• Data extract
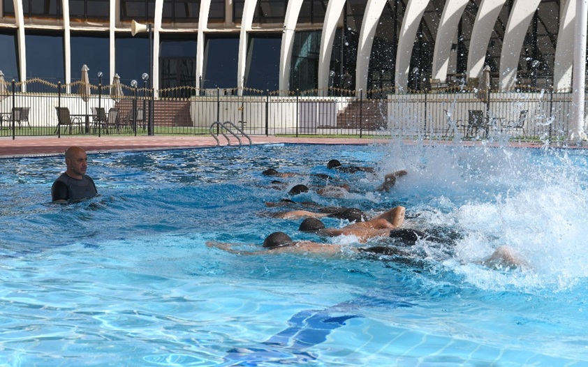 أبو ظبي في 18 مايو/ وام/ نفذت إدارة التأهيل الشرطي بمدينة العين التابعة لأكاديمية سيف بن زايد للعلوم الشرطية والأمنية بشرطة أبوظبي، برنامج السباحة للدفعة 22 من مجندي الخدمة الوطنية، بمسبح نادي ضباط شرطة العين.
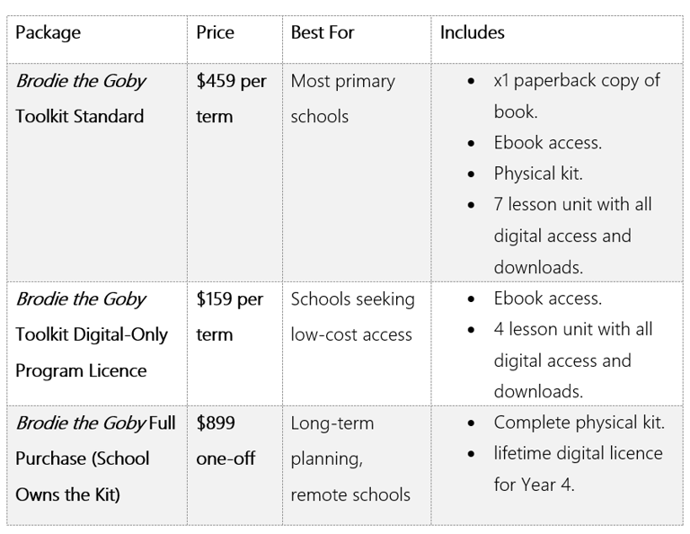 Wild Web Education currently offers a single, flagship product: the Brodie the Goby Toolkit. It is a comprehensive, curriculum aligned teaching resource designed to support biological science education while embedding general capabilities such as literacy, numeracy, and ICT. This resource kit is designed for years 3-5.
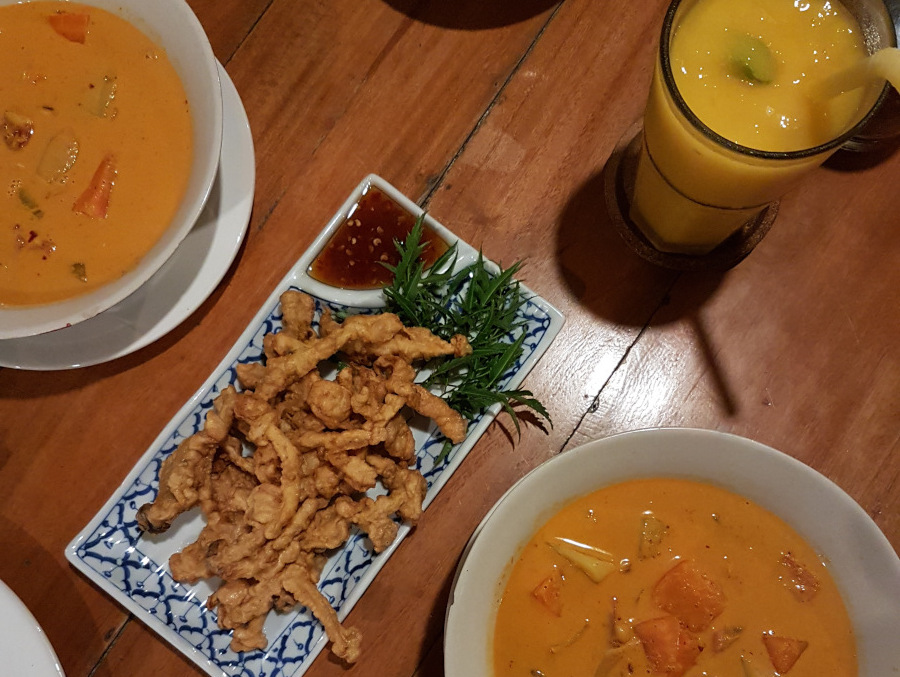 Das Nanas ist weder rein vegetarisch noch vegan ausgerichtet, bietet aber viele leckere Gerichte ganz ohne Fleisch und tierische Produkte. Es zählt zu den beliebtesten Food-Spots der kleinen Stadt und ist definitiv einen Besuch wert. Das Curry gibts hier für rund 2,50 Euro und auch die anderen Gerichte bewegen sich in diesem Preisrahmen. Sehr zu empfehlen ist außerdem das Fried Morning Glory – gebratener Wasserspinat nach thai Art. Sieht einfach aus, ist aber extrem lecker und liegt preislich bei umgerechnet gerade einmal 1,60 Euro.

• Required work
The data above, line by line: transcribe it exactly and drop the pictures.

• Answer to this task
 أبو ظبي في 18 مايو/ وام/ نفذت إدارة التأهيل الشرطي بمدينة العين التابعة لأكاديمية سيف بن زايد للعلوم الشرطية والأمنية بشرطة أبوظبي، برنامج السباحة للدفعة 22 من مجندي الخدمة الوطنية، بمسبح نادي ضباط شرطة العين.
 Wild Web Education currently offers a single, flagship product: the Brodie the Goby Toolkit. It is a comprehensive, curriculum aligned teaching resource designed to support biological science education while embedding general capabilities such as literacy, numeracy, and ICT. This resource kit is designed for years 3-5.
 Das Nanas ist weder rein vegetarisch noch vegan ausgerichtet, bietet aber viele leckere Gerichte ganz ohne Fleisch und tierische Produkte. Es zählt zu den beliebtesten Food-Spots der kleinen Stadt und ist definitiv einen Besuch wert. Das Curry gibts hier für rund 2,50 Euro und auch die anderen Gerichte bewegen sich in diesem Preisrahmen. Sehr zu empfehlen ist außerdem das Fried Morning Glory – gebratener Wasserspinat nach thai Art. Sieht einfach aus, ist aber extrem lecker und liegt preislich bei umgerechnet gerade einmal 1,60 Euro.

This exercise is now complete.